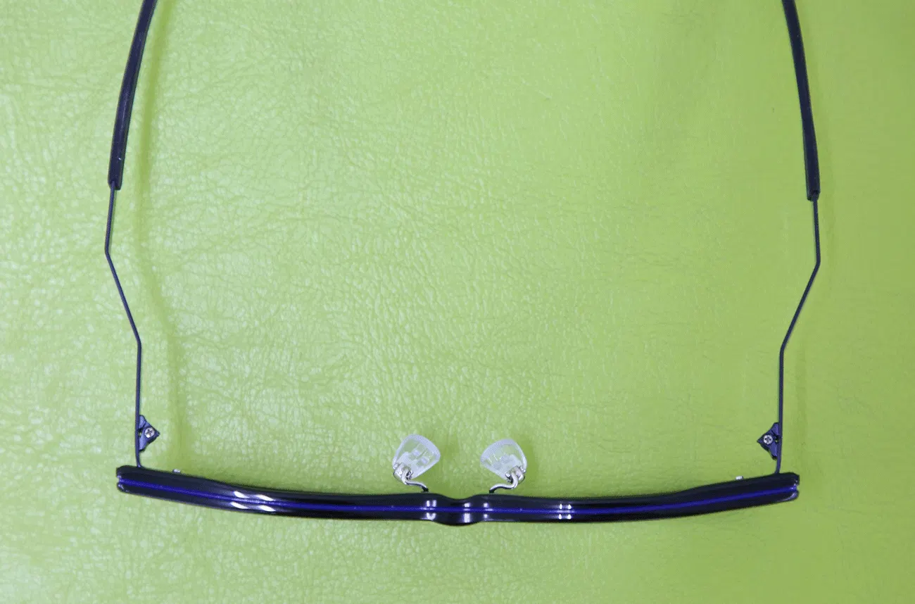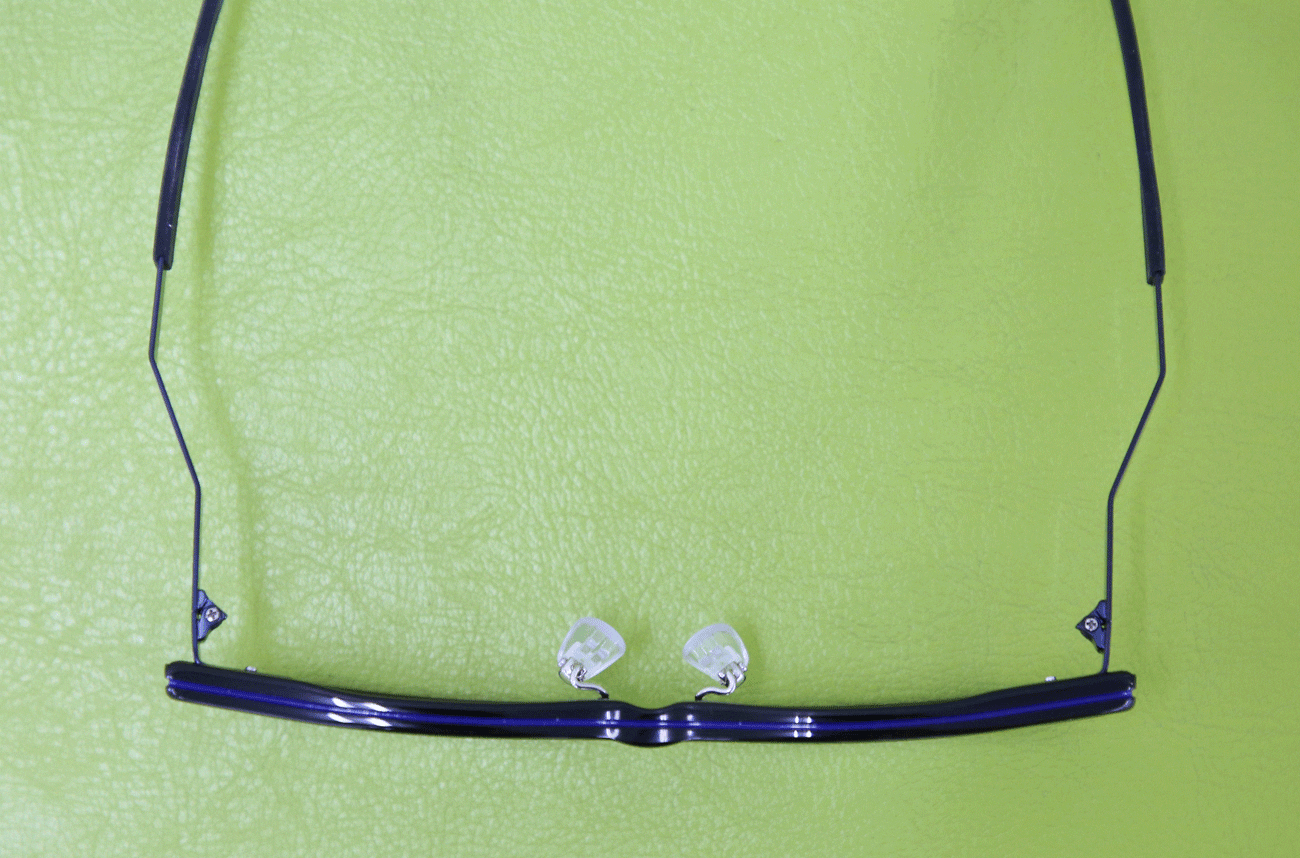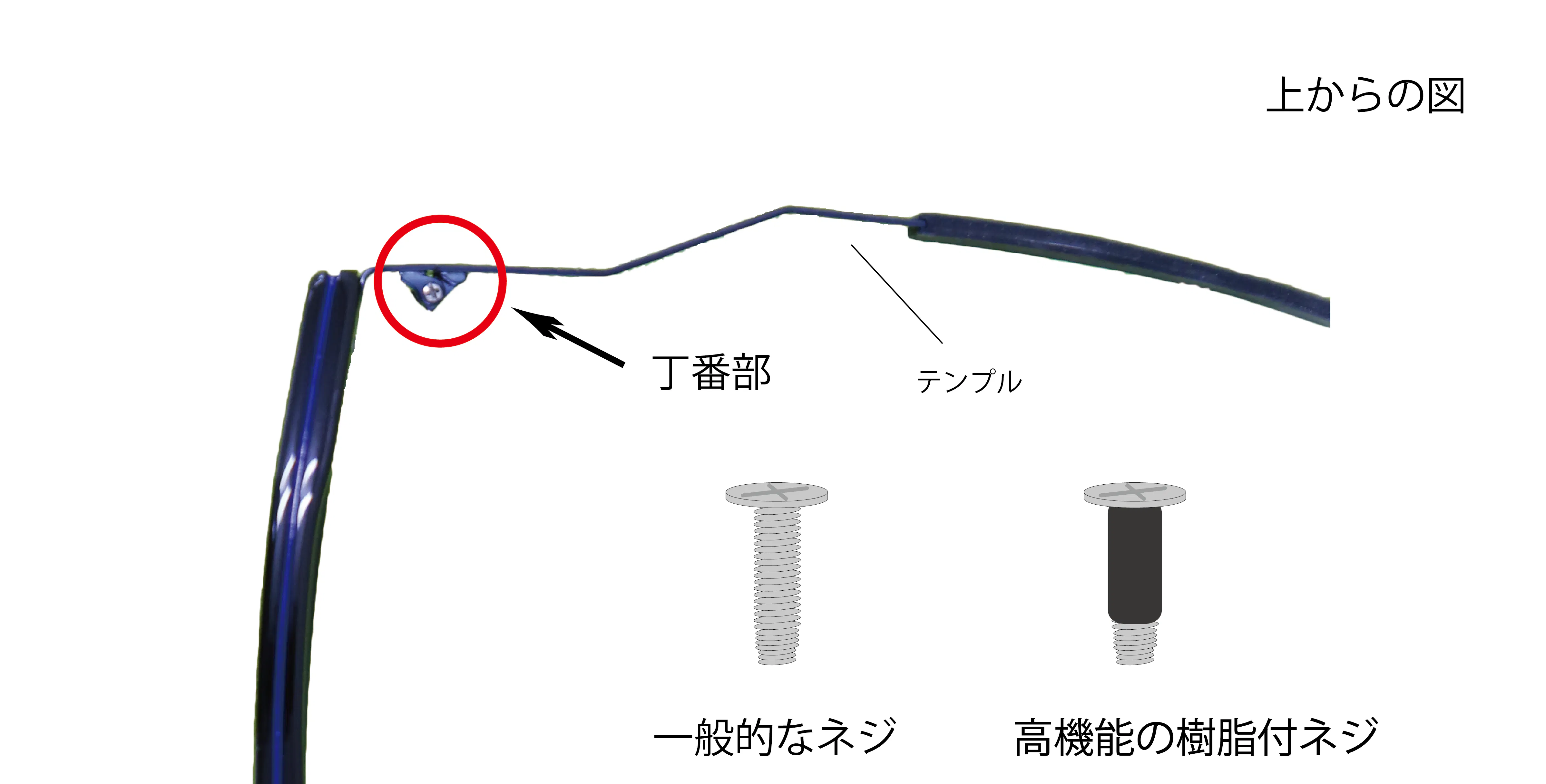 見えない部分ですがこのネジ1本外れるだけでメガネがかけれないという重要な部分です。出先で外れてしまって困ることを防ぐ為に樹脂ネジを採用しております。
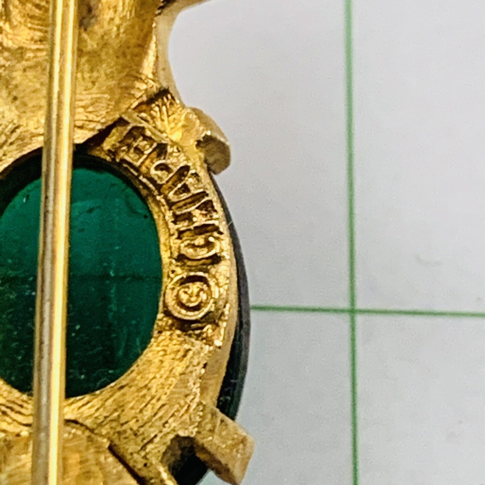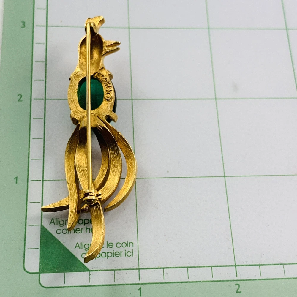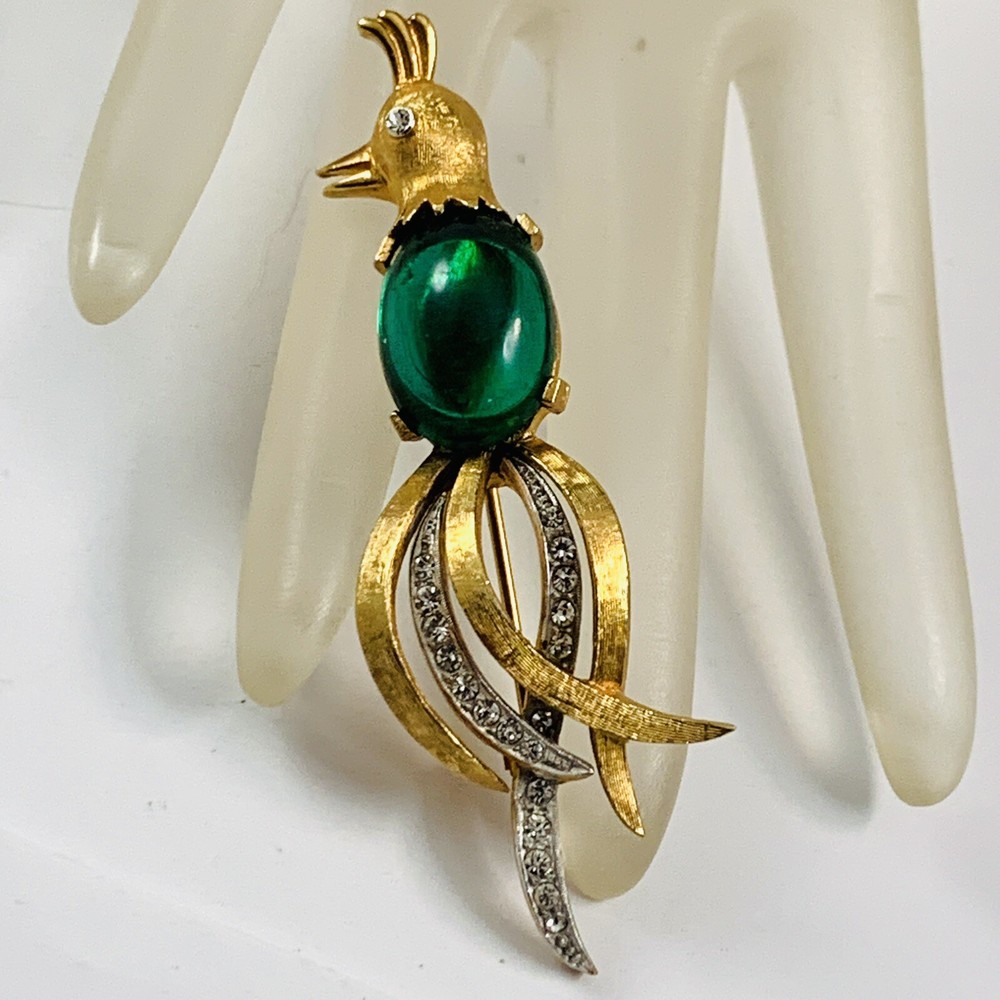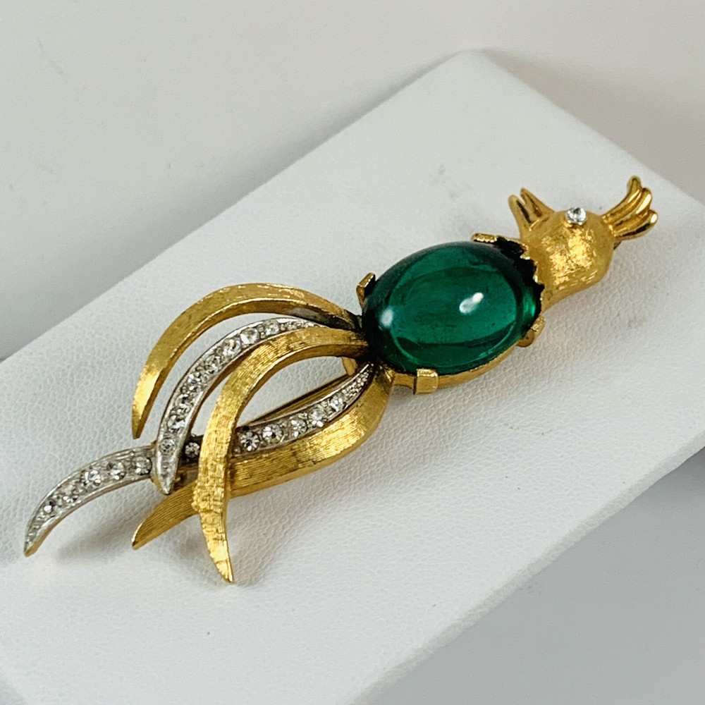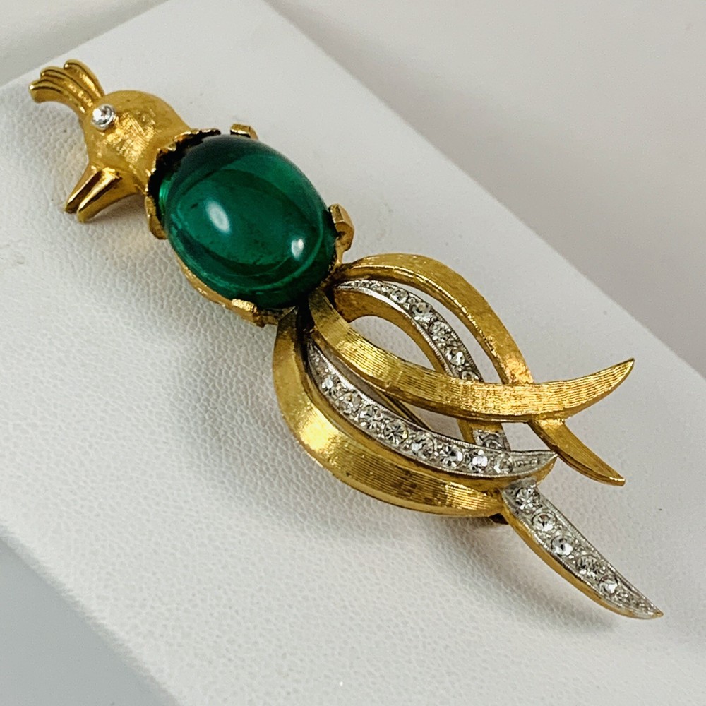 Vintage CHAREL Signed Green Glass Jelly Belly Bird of Paradise Rhinestone Brooch. Pre-Owned Estate Jewelry in Very Good Condition. Ready to wear, give as gift or add to a collection. Our Vintage items are mostly from estate sales and vary in age from 100+ years old to more modern pieces. Please use your judgement. Items are photographed on a measuring matte with one-inch squares to give you an idea of size. Any photography props / holders you see are not included.
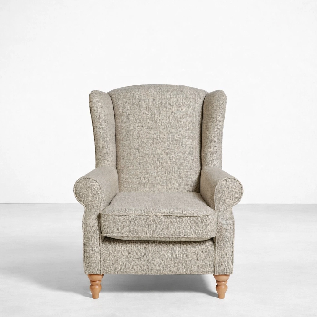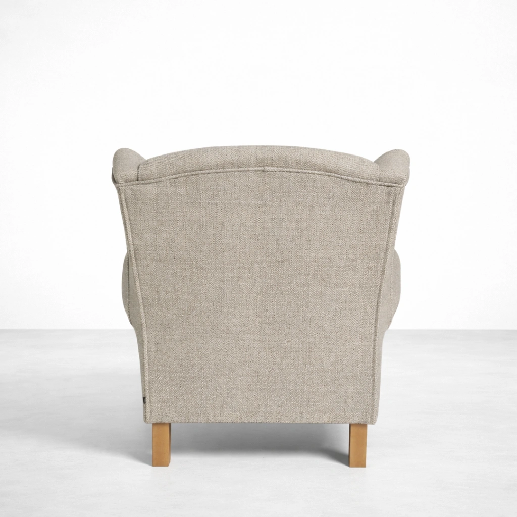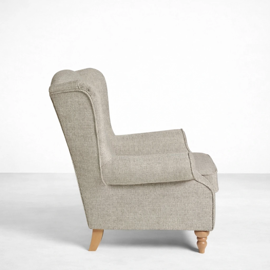 HERITAGEWING from INTERIORZE is a beige wingback armchair with teakwood legs designed for spaces that feel warm, quiet, and timeless. The high back with a subtle wing shape supports your posture, while the deep seat and soft cushioning make it easy to settle in for longer conversations or a slow reading session. The neutral beige upholstery blends with most palettes and lets your rugs, art, and lighting lead the mood of the room beige wingback armchair with teakwood legs.
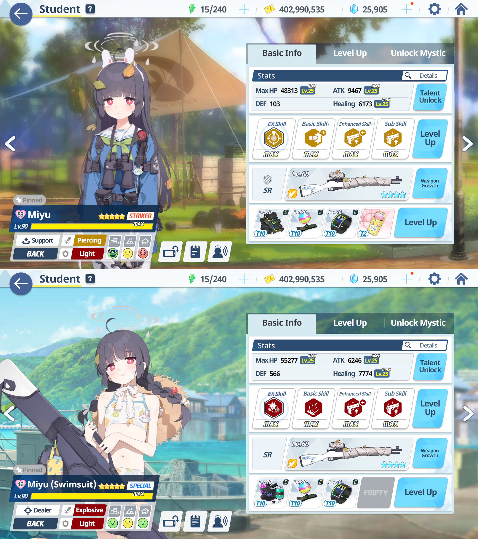 >>562208964contrary to what I thought I wasn't able to max their alts' limit break this month, I ran out of ooparts for mMoi. but on the bright side at least I was able to max all their skills from 5777. between that and all the students I had to build for Yesod, my credits stash got absolutely annihilatedsome good progress on the alts' bond level at least
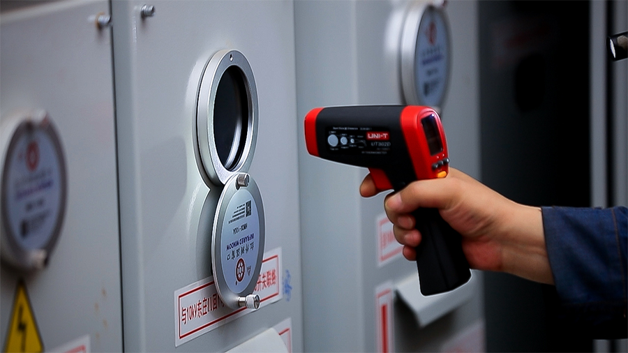 在昆明東風(fēng)廣場,工作人員正對變壓器內(nèi)的設(shè)備進行檢修(6月7日攝)。新華網(wǎng) 徐華陵 攝
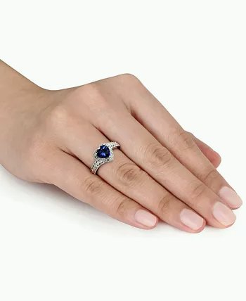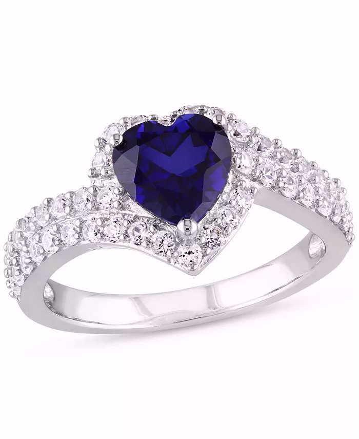 Blue Sapphire (1-7/8 ct. t.w.) & White Sapphire (1-7/8 ct. t.w.) Heart Swirl Ring in Sterling Silver
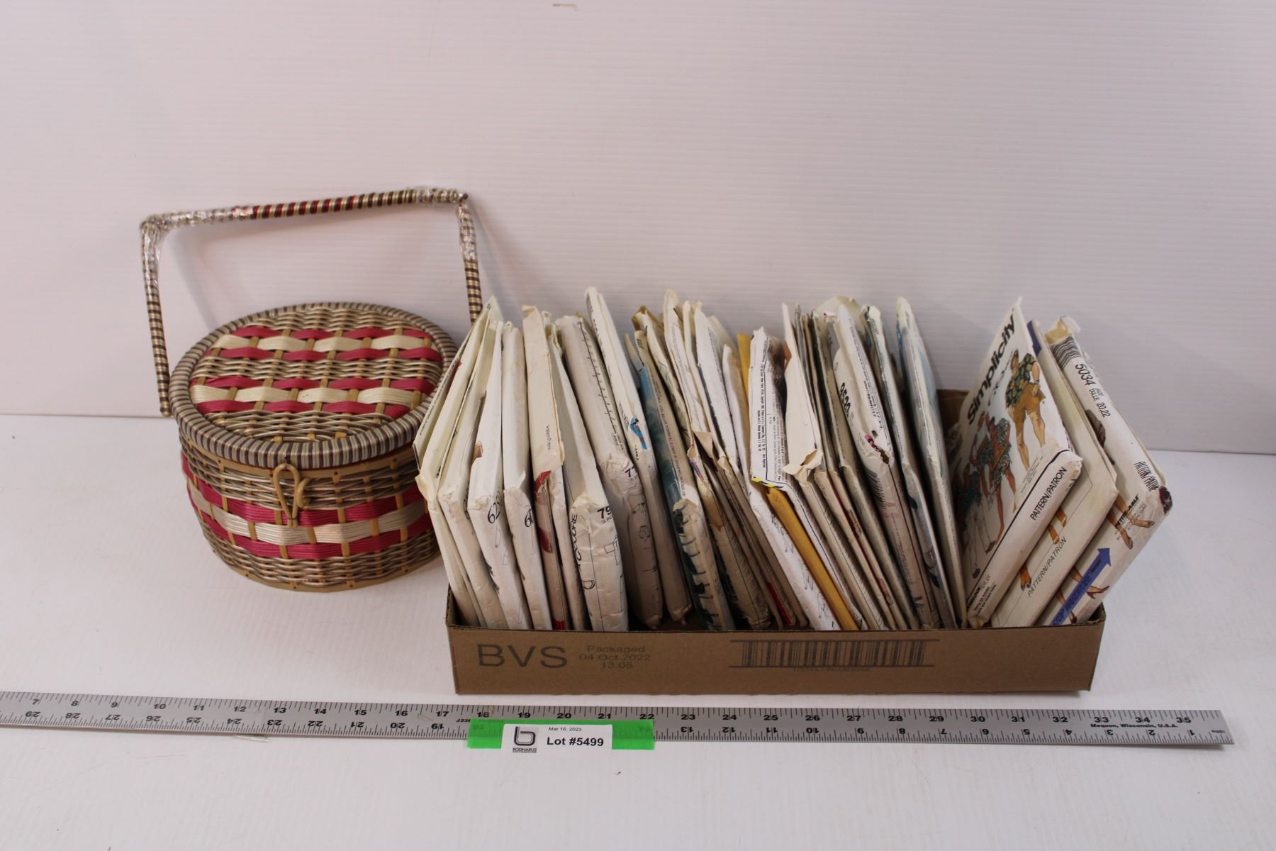 Lot of Sewing Basket and Misc Accessories, 25+ Sewing Patterns
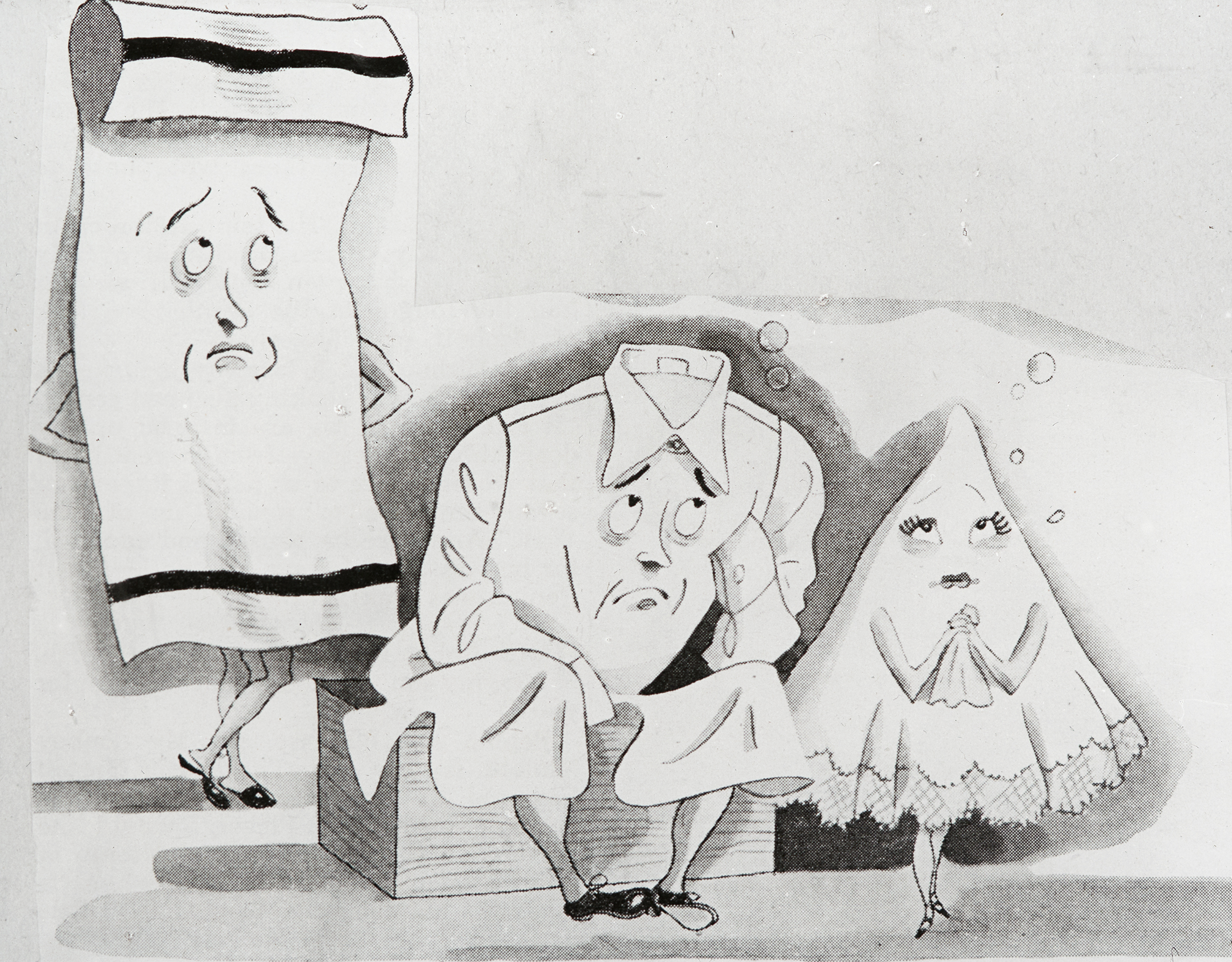 Verschiedene Teile aus Stoff, ein Handtuch, ein Hemd und ein Tuch. Auf jedem dieser Stücke erkennt man ein nachdenkliches Gesicht.

#### [How to complete this task]
What's needed is a word-for-word retyping of the listing, minus its pictures.

#### [Exercise result]
 見えない部分ですがこのネジ1本外れるだけでメガネがかけれないという重要な部分です。出先で外れてしまって困ることを防ぐ為に樹脂ネジを採用しております。
 Vintage CHAREL Signed Green Glass Jelly Belly Bird of Paradise Rhinestone Brooch. Pre-Owned Estate Jewelry in Very Good Condition. Ready to wear, give as gift or add to a collection. Our Vintage items are mostly from estate sales and vary in age from 100+ years old to more modern pieces. Please use your judgement. Items are photographed on a measuring matte with one-inch squares to give you an idea of size. Any photography props / holders you see are not included.
 HERITAGEWING from INTERIORZE is a beige wingback armchair with teakwood legs designed for spaces that feel warm, quiet, and timeless. The high back with a subtle wing shape supports your posture, while the deep seat and soft cushioning make it easy to settle in for longer conversations or a slow reading session. The neutral beige upholstery blends with most palettes and lets your rugs, art, and lighting lead the mood of the room beige wingback armchair with teakwood legs.
 >>562208964contrary to what I thought I wasn't able to max their alts' limit break this month, I ran out of ooparts for mMoi. but on the bright side at least I was able to max all their skills from 5777. between that and all the students I had to build for Yesod, my credits stash got absolutely annihilatedsome good progress on the alts' bond level at least
 在昆明東風(fēng)廣場,工作人員正對變壓器內(nèi)的設(shè)備進行檢修(6月7日攝)。新華網(wǎng) 徐華陵 攝
 Blue Sapphire (1-7/8 ct. t.w.) & White Sapphire (1-7/8 ct. t.w.) Heart Swirl Ring in Sterling Silver
 Lot of Sewing Basket and Misc Accessories, 25+ Sewing Patterns
 Verschiedene Teile aus Stoff, ein Handtuch, ein Hemd und ein Tuch. Auf jedem dieser Stücke erkennt man ein nachdenkliches Gesicht.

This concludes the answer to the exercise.